The ubiquity of Mg²⁺ in RNA structure and dynamics arises because Mg²⁺ is small and divalent. The small size of Mg²⁺ allows it to interact more closely with RNA than larger ions [8, 9]. Because Mg²⁺ is divalent, only half as many Mg²⁺ as monovalent ions must be localized around RNA to balance its charge, allowing twice the entropic cost to be paid per ion [7, 10]. Consequently, Mg²⁺ can outcompete monovalent ions present at much higher concentrations to associate with RNA. The divalence of Mg²⁺ also allows it to induce effective attraction between otherwise repulsive phosphates [10–12]. As a result, Mg²⁺ strongly favors compact RNA conformations [10], and can slow kinetics by raising the free energy of less compact transition states [13]. In many cases, changing Mg²⁺ concentration can switch stability between two conformational basins [14–17]. Electrostatic models capable of describing Mg²⁺-RNA interactions are needed to connect with these experiments and to describe the RNA energy landscape.

The simplest model of electrostatics in ionic solutions is Debye-Hückel electrostatics, in which the ion density is given by the linearized Boltzmann distribution, and dielectric heterogeneity and ion accessibility are neglected. Coarse-grained models of RNA have used a Debye-Hückel treatment of KCl [18, 19]. Such a treatment is not ideal for Mg²⁺ because the linearized Boltzmann distribution is a poor approximation for strong Mg²⁺-RNA interactions near RNA. In addition, Debye-Hückel is unable to produce the effective attraction between phosphates that Mg²⁺ can induce.
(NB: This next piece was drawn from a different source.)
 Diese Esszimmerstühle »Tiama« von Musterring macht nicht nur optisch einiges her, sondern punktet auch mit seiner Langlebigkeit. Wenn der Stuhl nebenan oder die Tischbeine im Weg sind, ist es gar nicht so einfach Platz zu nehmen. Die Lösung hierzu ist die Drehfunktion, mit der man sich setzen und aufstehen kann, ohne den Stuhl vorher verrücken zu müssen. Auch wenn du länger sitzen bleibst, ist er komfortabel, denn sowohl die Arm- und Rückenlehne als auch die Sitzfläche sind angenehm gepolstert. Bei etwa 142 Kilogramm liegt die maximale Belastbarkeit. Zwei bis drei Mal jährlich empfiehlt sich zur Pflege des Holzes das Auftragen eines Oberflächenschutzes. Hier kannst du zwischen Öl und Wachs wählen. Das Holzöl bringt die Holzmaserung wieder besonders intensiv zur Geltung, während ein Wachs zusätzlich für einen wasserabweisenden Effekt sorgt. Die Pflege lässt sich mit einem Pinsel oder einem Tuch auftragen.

Nonlinear Poisson-Boltzmann (NLPB) electrostatics [20–22] removes most of the Debye-Hückel approximations at greater computational expense. NLPB is a mean field treatment, and neglects ion-ion correlations [23, 24] and ion size effects [25–27]. For monovalent ions where these correlations are weak, NLPB performs well, but is less accurate for divalent Mg²⁺ [26, 28]. The tightly bound ion model [24, 29] accounts for ion-ion correlations, and captures the ionic atmosphere well, but is a Monte Carlo technique, and has not yet been adapted for molecular dynamics. Manning counterion condensation theory [7, 30, 31] can describe nonlinear effects near the RNA, but is typically limited to low concentrations and linear or helical RNA geometry.

We recently developed a coarse-grained model with explicit Mg²⁺ and implicit KCl that revealed the importance of accounting for competition between Mg²⁺ and condensed KCl [32]. As a first approximation, KCl condensation was treated as a static function of Mg²⁺ concentration and fit to native basin experimental data. This approximation rendered the model only valid for native basin fluctuations of experimentally characterized RNA. A dynamic, physics-based description of KCl condensation is needed for the model to have any predictive power.
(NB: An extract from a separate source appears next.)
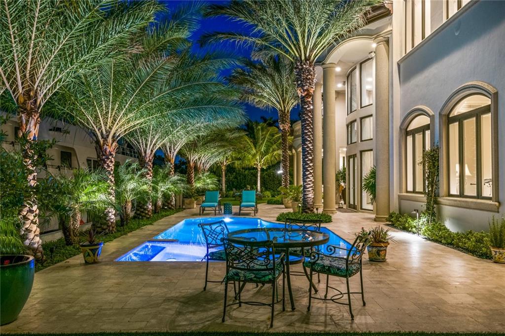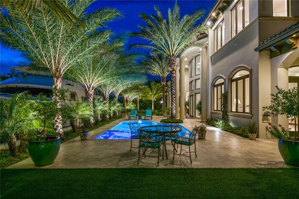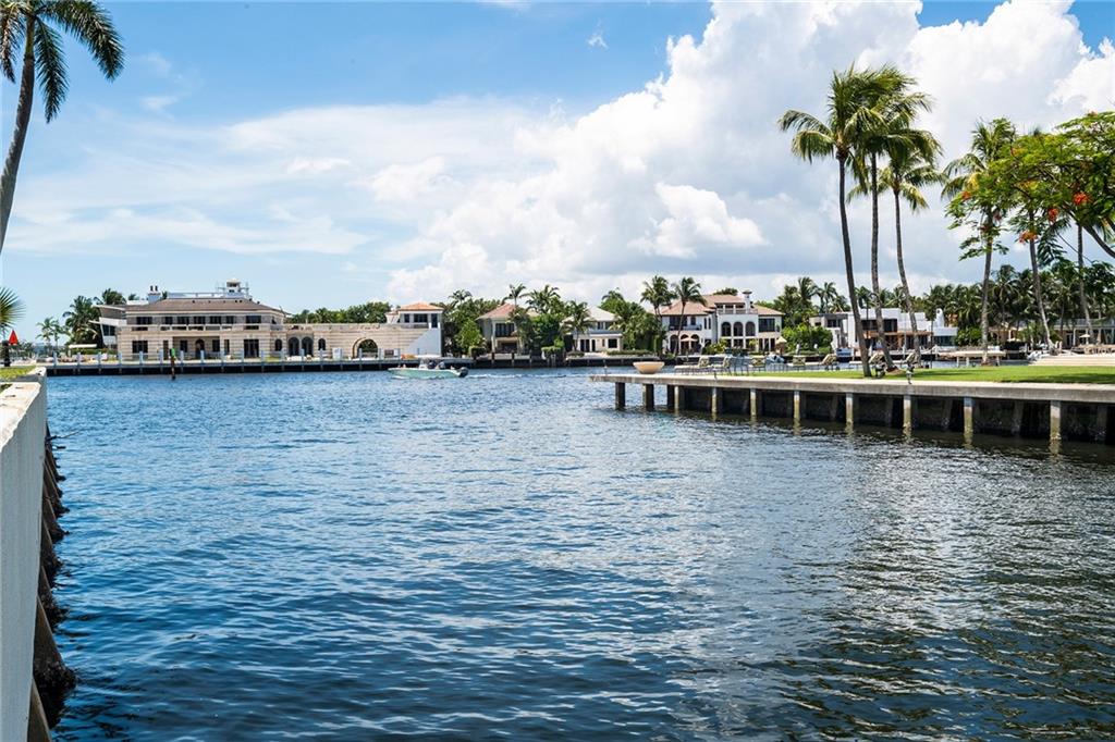 Magnificent water views sweep to the New River and Intracoastal from this impressive Modern Mediterranean estate fronting 125± ft. on the grand Lido Canal, one lot from the point, with prime dockage for a 100±-ft. yacht and a 13,750 square foot lot. Boasting 5 bedrooms, 7 baths and over 7000 square feet of living space, a fabulous entertaining space, opening to the waterfront’s sprawling pool terrace with exquisite landscaping, the spectacular 2-story window-walled great room features a fireside sitting area, media area and professional-style bar. Gourmet kitchen. Paneled office/billiard room. Ultra-luxurious first-floor master suite. 3 car air conditioned garage. Full house generator.

In this letter, we introduce a generalized Manning counterion condensation model that describes folded RNA at physiological ionic concentrations. Mg²⁺ is treated explicitly to account for ion-ion correlations, while KCl condensation is described by the generalized Manning model. We add the electrostatic model to a coarse-grained model of RNA to capture native basin fluctuations. The coarse-grained model is an all heavy atom structure-based model [32–34] with a theoretical base in the energy landscape theory of protein folding [35–37]. The model is in good agreement with experimental measurements of the ion atmosphere within the native basin for several compact RNA molecules at varying KCl and Mg²⁺ concentrations. The model is also applicable beyond the native basin, and the implicit treatment of KCl makes the model computationally inexpensive.

Classical Manning counterion condensation [7] occurs on an infinite line of charge in the low concentration limit due to competition between mixing entropy and electrostatic energy. The mixing free energy per phosphate to condense θ ions per phosphate is given by

$$G_{\text{Mix}}=k_{\mathrm{B}}T\theta \text{ ln }\left(\frac{\theta }{ecV}\right),$$ (1)

where k_B is Boltzmann’s constant, T is the temperature, c is the bulk concentration of the counterion, V is the volume per phosphate into which the counterions condense, and e is Euler’s number. The condensed ions effectively rescale the charge of the phosphates by 1 − zθ, so the electrostatic energy per phosphate is given by

$$G_{\mathrm{E}}=k_{\mathrm{B}}T{(1-z\theta )}^{2}F,$$ (2)

where z is the charge of the counterion and F is the Debye-Hückel energy of the bare polyelectrolyte charges per phosphate in units of k_BT. For an infinite line of charge at low concentration, G_Mix and G_E (through F) both diverge like ln c, so the condensation is constant over a wide range of counterion concentrations [7].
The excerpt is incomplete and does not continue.